To obtain software modularity, computations are broken into several 
processes. For example, a transaction arriving from a terminal passes 
through a line-handler process (say x.25), a protocol process (e.g. 
SNA), a presentation services process to do screen handling, an 
application process which has the database logic, and several disc 
processes which manage discs, disc buffer pools, locks and audit 
trails. This breaks the application into many small modules. These 
modules are units of service and of failure. If one fails, it's 
computation switches to its backup process. 

If"a process performs a particular service, for example acting as a 
name server or managing a particular database, then as the system 
grows, traffic against this server is likely to grow. Gradually, the 
load on such a process will increase until it becomes a bottleneck. 

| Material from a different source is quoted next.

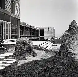 On April 26, 1961, the Board of Trustees decided on Aşağı Balgat for the new campus, and a new national competition with an international jury was organized.[41] The winning project was by Behruz Çinici and Altuğ Çinici, announced in September 1961.[42] Kemal Kurdaş, who became rector on November 22, 1961, prioritized the campus construction.[43] Initial plans included the Architecture Faculty, laboratories for the Faculty of Arts and Sciences, the rectorate building, the first section of the dining hall, and two dormitory buildings. On December 3, 1961, the first tree-planting activities at METU took place, with students planting 135,000 saplings.[44] During the initial surveys near Yalıncak Village, Kemal Kurdaş identified remnants of historical structures and artifacts, indicating the site's archaeological importance. This discovery was reported to the Ministry of National Education, the General Directorate of Antiquities and Museums, and the Ankara Archaeology Museum, now known as the Museum of Anatolian Civilizations.[45] Subsequently, archaeological excavations were initiated under the direction of archaeologist Burhan Tezcan.

Such bottlenecks can be an impediment to linear growth in performance 
as processors are added. The concept of process server class is 
introduced to circumvent this problem. A server class is a collection 
of processes all of which perform the same function. These processes 
are typically spread over several processors. Requests are sent to 
the class rather than to individual members of the class. As the load 
increases, members are added to the class. If a member fails or if 
one of the processors fail, the server class migrates into the 
remaining processors. As the load decreases, the server class shrinks. 
Hence process server classes are a mechanism for fault tolerance and 
for load balancing in a distributed system [Tandem Pathway].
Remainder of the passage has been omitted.